You can also use a probabilistic scheme to decide whether to use the second or third best candidate. You might also think of it as throwing away the worst-N-candidate.

* The AutoML calls this original method by Miller and Goldberg (1995) as non-regularized evolution method.

* What is “regularized” then? Instead of throwing away the worst-N-candidates. The author proposed to throw away the oldest-trained candidate.

* Now you won’t see a justification of why this method is better until the “Discussion” section. Okay, let’s go with the authors’ intended flow. As it turns the regularized method is better than non-regularized method. e.g. In CIFAR-10, the evolved model is ~10% relatively better either man-made model or NasNet. On Imagenet, it performs better than Squeeze-and-Excite Net as well as NasNet. (Squeenze-and-Excite Net is the ILSVRC 2017’s winner.)

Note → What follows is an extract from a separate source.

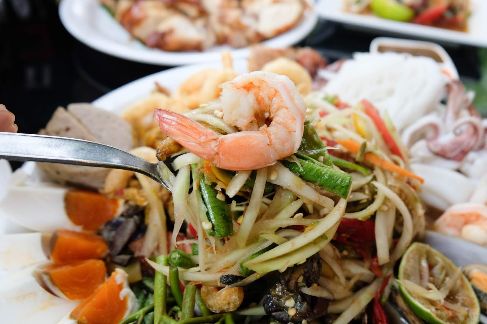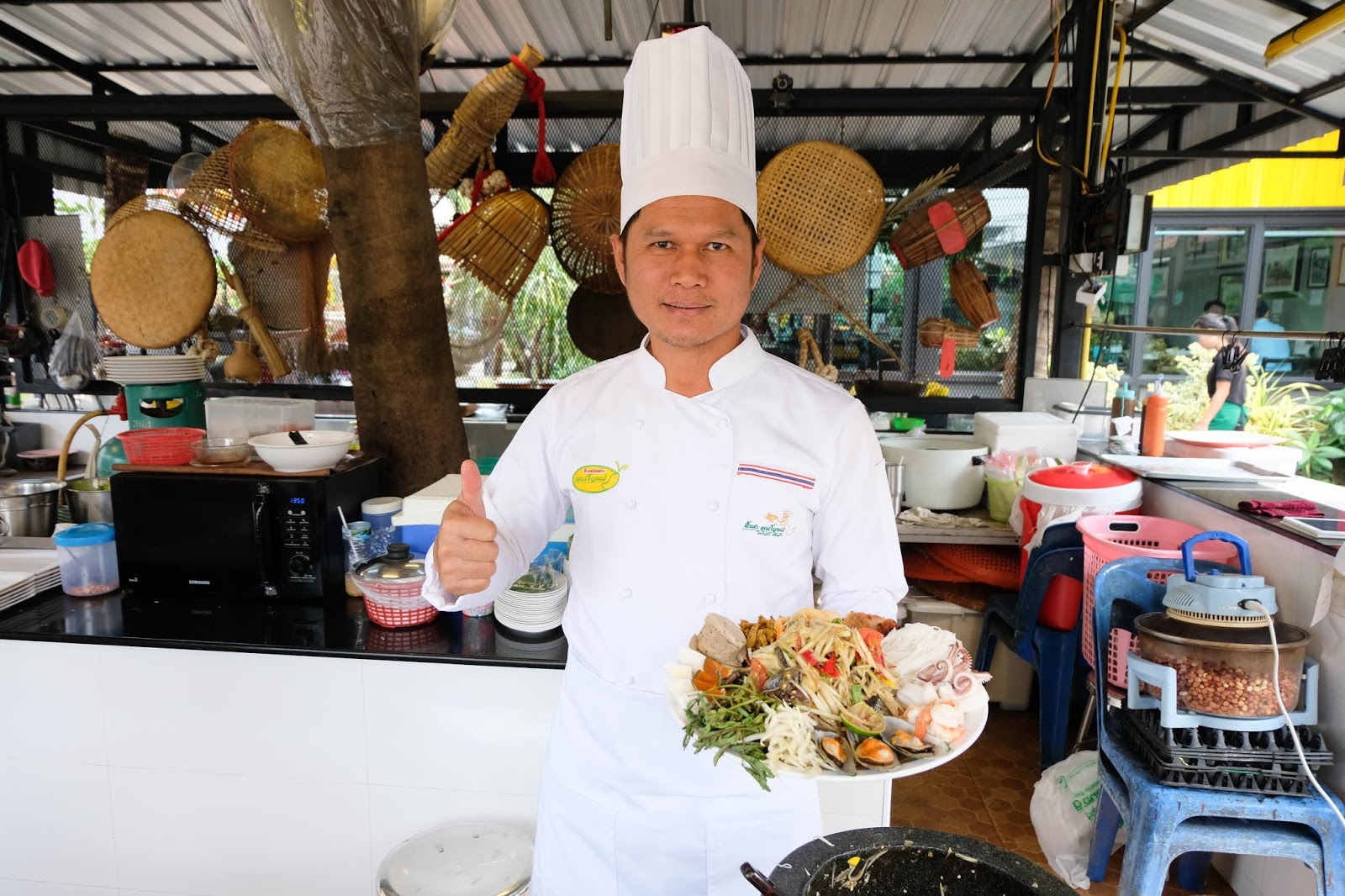 แน่นอน มาร้านส้มตำคุณกัญจณ์ แชมป์ส้มตำประเทศไทย ไม่สั่งส้มตำก็มาไม่ถึงแน่ๆ โดยที่ร้านจะมีส้มตำให้เลือกมากมาย อาทิ ส้มตำไทย ส้มตำมะพร้าวอ่อน ส้มตำปูปลาร้า มาถึงตรงนี้ ขอเปิดปากเม้าท์ดังๆ ว่า น้ำปลาร้า ของร้านนี้ ช่างสุดยอด มีความนัว..มีความละมุน ไม่หวาน ไม่เหม็นเขียว ไม่เหม็นคาว เป็นน้ำปลาร้าในฝันคน คนเลิฟส้มตำปูปลาร้า กันเลยทีเดียว ซักถามไป คุณกัญจณ์ ตอบอย่างภาคภูมิใจว่า เป็นปลาร้าที่ หมักและต้มเอง เป็นสูตรดั่งเดิม เป็นปลาร้าที่ตัวเองกินและมั่นใจว่า รสชาติแบบนี้ คือ “ที่สุด” และเร็วๆ นี้ จะผลิตออกขาย ใช้ชื่อว่า “ปลาร้าทิดกัญจณ์” แหม กินแล้วติดใจ ขอหอบกลับไปฝากแม่ที่บ้าน 1 แกลลอน

* One technicality when you read the paper is the G-X dataset, they are actually the gray-scale version the normal X data. e.g. G-CIFAR-10 is the gray-scale version of CIFAR-10. The intention of why the authors do it are probably two folds: 1) to scale the problem down, 2) to avoid overfitting to only the standard testsets of the problems.

* Now, these are all great. But how come the “regularized” approach is better then? How would the authors explain it?

* I don’t want to come up with a hypothesis. So let me just quote the last paragraph here: “Under regularized evolution, all models have a short lifespan. Yet, populations improve over longer timescales (Figures 1d, 2c,d, 3a–c). This requires that its surviving lineages remain good through the generations. This, in turn, demands that the inherited architectures retrain well (since we always train from scratch, the weights are not heritable). On the other hand, non-regularized tournament selection allows models to live infinitely long, so a population can improve simply by accumulating high-accuracy models. Unfortunately, these models may have reached their high accuracy by luck during the noisy training process. In summary, only the regularized form requires that the architectures remain good after they are retrained.”

* And also: “Whether this mechanism is responsible for
the observed superiority of regularization is conjecture. We
leave its verification to future work.”